На эстраде упитанный коротенький Сологуб скандирует свои стихи:
Мы мертвы, давно мертвы.
Смерть шатается на свете
И махает, словно плетью,
Уплетенной туго сетью
Возле каждой головы.
Павлов стоит в дверях, покачиваясь с носков на каблуки, засунув руки в карманы. Брезгливая улыбка на лице.
Гремят аплодисменты, и, когда они утихают, слышится вдруг реплика Павлова:
— Да ведь это же бред, каталепсия! Утрата рефлекса цели. Да вас лечить надо! — Пожимает плечами. — Нет, уж лучше с собачками!
Публика вскакивает с мест.
— Кто это?
— Павлов!
Но Павлова уже нет…
Павлов на трибуне Петербургского общества врачей:
— В самом начале наших работ, еще на Мадридском конгрессе, мы заявили, что вся так называемая душевная деятельность может быть объяснена материальным нервным процессом. Сегодня мы покажем вам, господа, как протекает этот процесс во времени и пространстве.
Взрыв аплодисментов части публики. Особенно восторженно аплодирует студенческая галерка.
Группа маститых скептиков в зале. В центре их Званцев. Рядом с ним дама в мехах.
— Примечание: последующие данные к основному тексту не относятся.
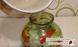 Дайте маринаду 5 хвилин покипіти. Залийте в банку тонкою цівкою. Прикрийте кришкою. Через 15-20 хвилин долийте маринаду до повної банки.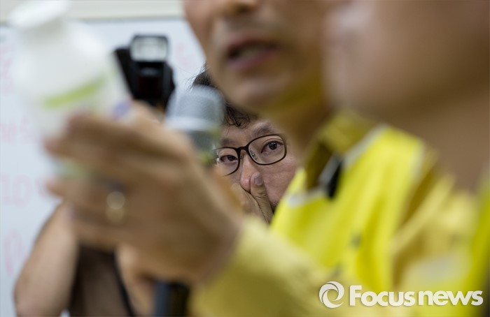 (서울=포커스뉴스) 12일 오전 서울 중구 환경재단 레이첼카슨홀에서 최예용 환경보건시민센터 소장이 가습기 살균제 제조사 세퓨에 원료를 공급한 덴마크 케톡스(KeTox)사 항의 방문 결과와 현지 조사기록 결과 발표를 지켜보고 있다.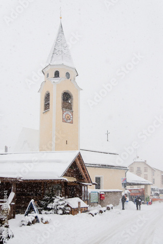 © Nicola Simeoni, Fototapeta premium Walk in the village under a heavy snowfall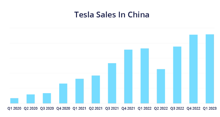 테슬라의 중국 매출 규모 추이

Кто-то оборачивается к галерке:
— Тише, господа, вы ведь не в театре.
— Это уж слишком, ваше превосходительство, — слышится где-то реплика над ухом Петрищева, сидящего в кресле первого ряда. Говорящий привстает, изогнувшись, шепчет:
— Тимирязев лишил растения души. Ну, это еще так-сяк… А ведь Павлов отрицает одушевленность животных… Что ж будет дальше?
Петрищев сокрушенно качает головой.
Дама, сидящая со Званцевым, кокетливо машет веером:
— Это ужасно! Мы ведь, в конце концов, тоже животные… Так ведь? Значит, и у меня нет души. Вы находите, господа?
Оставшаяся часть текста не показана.